Hydrocodone ER

Class
Narcotic analgesics
Subclass
Semisynthetic opioids
Substance name
HYDROcodone bitartrate, dihydrocodeinone ER
Brand names
Hysingla ER®
Common formulations
Tablet
Dosage and administration
Adults patients
Symptomatic relief of painSevere, requiring opioids
10-20 mg PO daily, in 1-2 divided doses
Titrate in 10-20 mg increments every 3-7 days to achieve adequate pain relief.
Other off-label uses
Treatment of restless legs syndrome
Indications for use
Labeled indications
Adults
Symptomatic relief of pain (severe, requiring opioids)
Off-label indications
Adults
Treatment of restless legs syndrome
Safety risks
Boxed warnings
Drug misuse, drug abuse, opioid use disorder
Use extreme caution in all patients, especially with a personal or family history of substance abuse or mental illness.

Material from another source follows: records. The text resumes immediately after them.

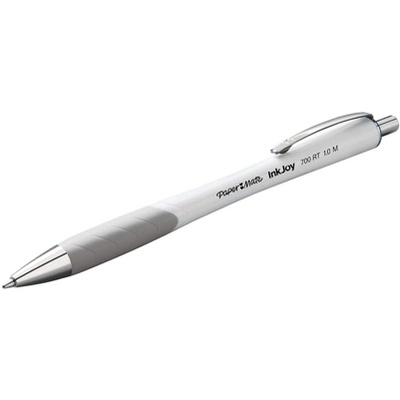 Add character to your signature with this 12-pack of Paper Mate InkJoy 700RT medium-point retractable white-barrel blue-ink ballpoint pens. Draw, write or simply doodle with these medium-point retractable ballpoint pens. The white barrel and silver accents give these pens a sleek, stylish appearance, while the vivid blue ink gets writing noticed without smudging or smearing. These Paper Mate InkJoy 700RT medium-point ballpoint retractable pens feature a textured grip to make extended writing sessions more comfortable while providing enhanced control. Retractable ballpoint pens for ease of use. Blue ink is easy to read. 1.0mm medium tip. White barrel. One dozen pens per pack. Comfort grip for superior control. Features a pocket clip for convenient carrying. Unique hourglass shape features a comfortable grip for a natural fit in your hand. Sold as 1 Dozen.
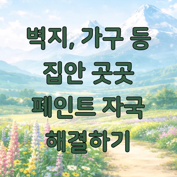 | 페인트 | 벽지 | 물티슈, 중성세제, 페인트 제거제 (소량) | 벽지 종류에 따라 방법 다름, 물기 주의 |
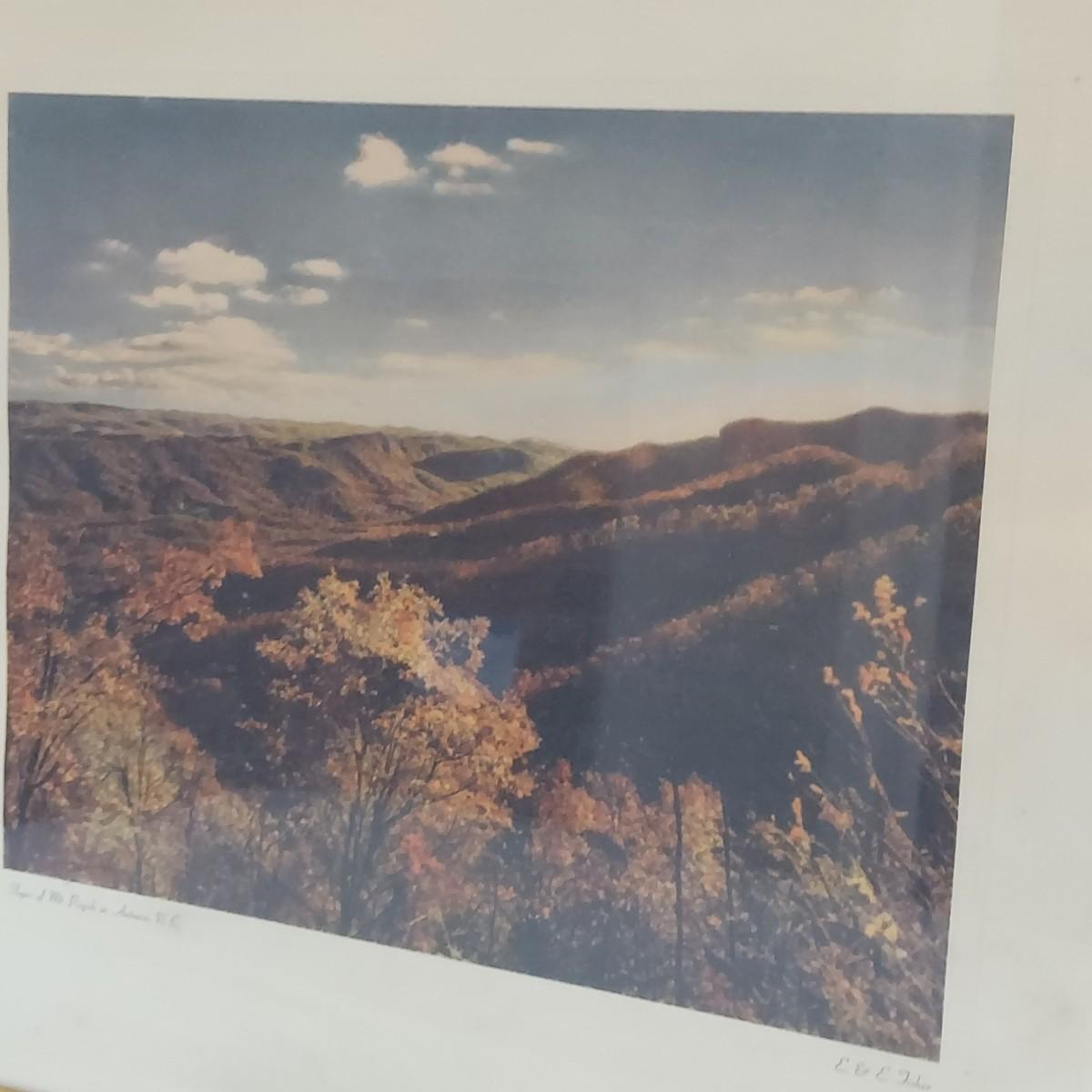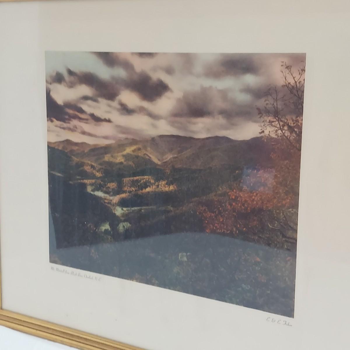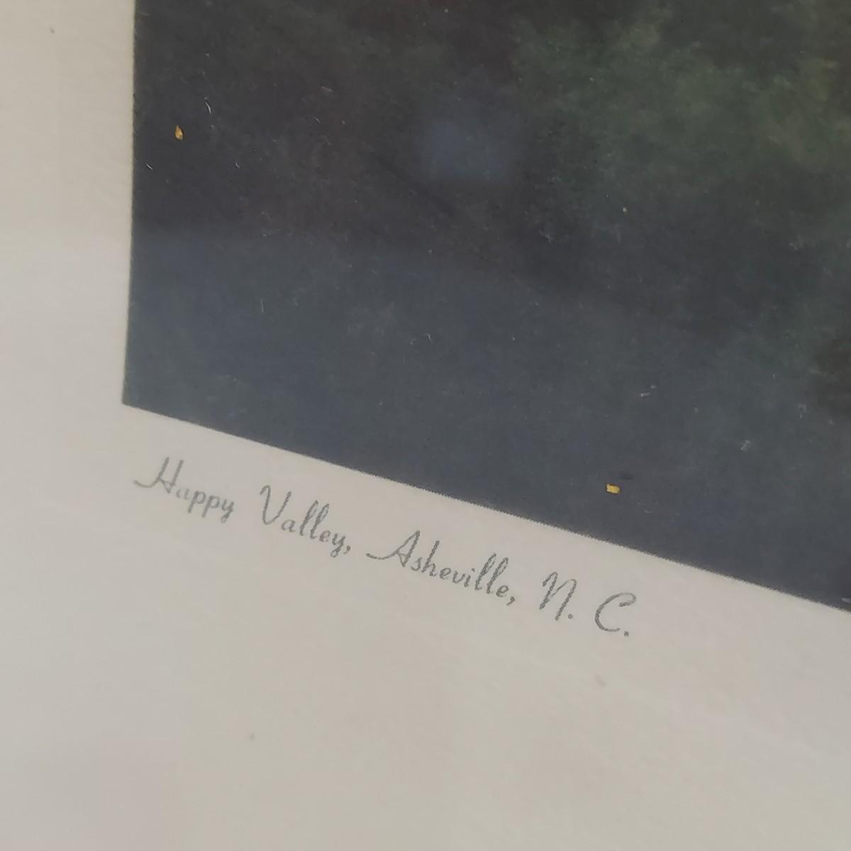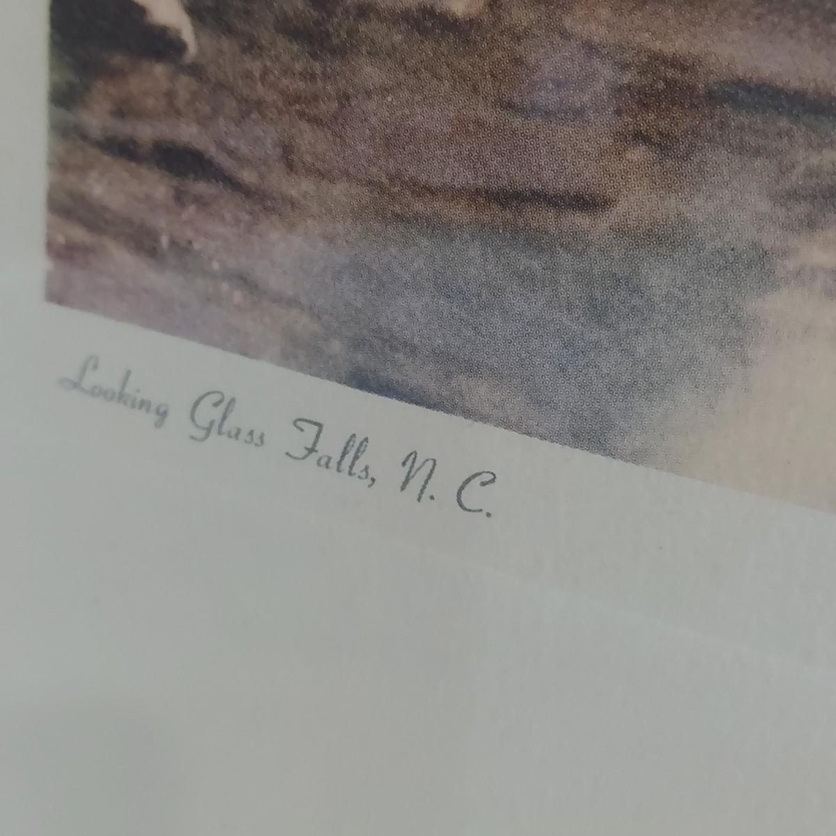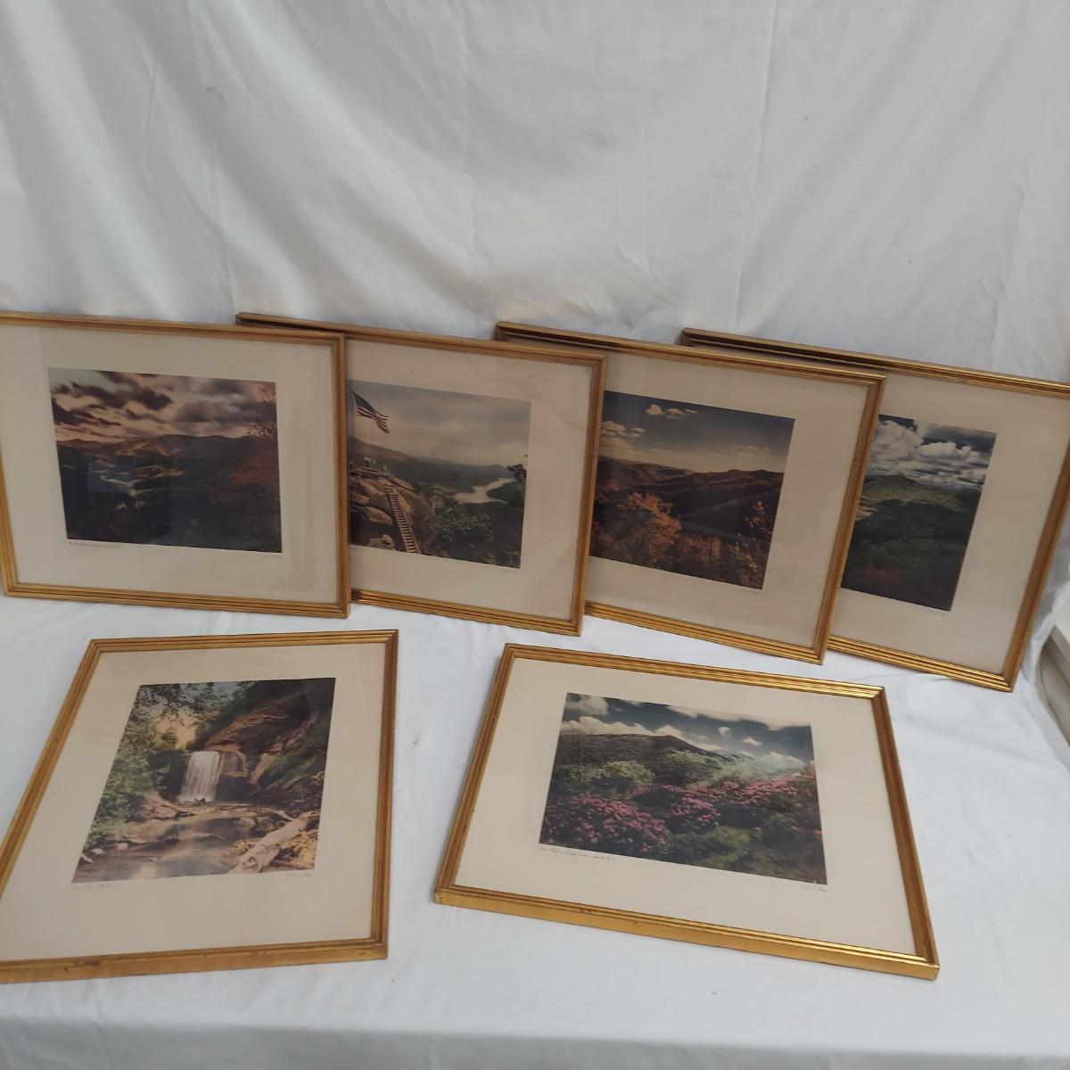 Lot includes six framed prints of different areas of Western North Carolina. Frames measure 16” x 13"H and prints are under glass. Prints include Craggy Gardens, Looking Glass Falls, Mt. Mitchell, Chimney Rock and Lake Lure, Mt. Pisgah and Happy Valley. Some condition issues. Please see photos for details. Shipping available. Shipping can be costly. We suggest contacting our preferred local shipping provider, Postage Express, with dimensions and getting an estimate before bidding: 828-255-9250 or shipping@postageexpressnc.com

Increased serum hydrocodone levels, respiratory depression
Use extreme caution in patients taking CYP3A4 inhibitors (such as macrolide antibiotics, azole antifungals, or protease inhibitors) or discontinuing CYP3A4 inducers (such as rifampin, carbamazepine, or phenytoin).
Neonatal abstinence syndrome
Use extreme caution in pregnant patients.
Profound sedation, respiratory depression, coma
Use extreme caution in patients receiving benzodiazepines or other CNS depressants, including alcohol.
Respiratory depression
Use extreme caution in all patients, especially in elderly, malnourished, or frail patients or patients with significant pulmonary disease.
Use extreme caution for accidental ingestion, especially in children.
Contraindications
Hypersensitivity to hydrocodone or its components
Acute or severe asthma
Do not use hydrocodone in patients with acute or severe asthma in an unmonitored setting or in the absence of resuscitative equipment.
Gastrointestinal obstruction
Do not use hydrocodone in patients with known or suspected gastrointestinal obstruction, including paralytic ileus.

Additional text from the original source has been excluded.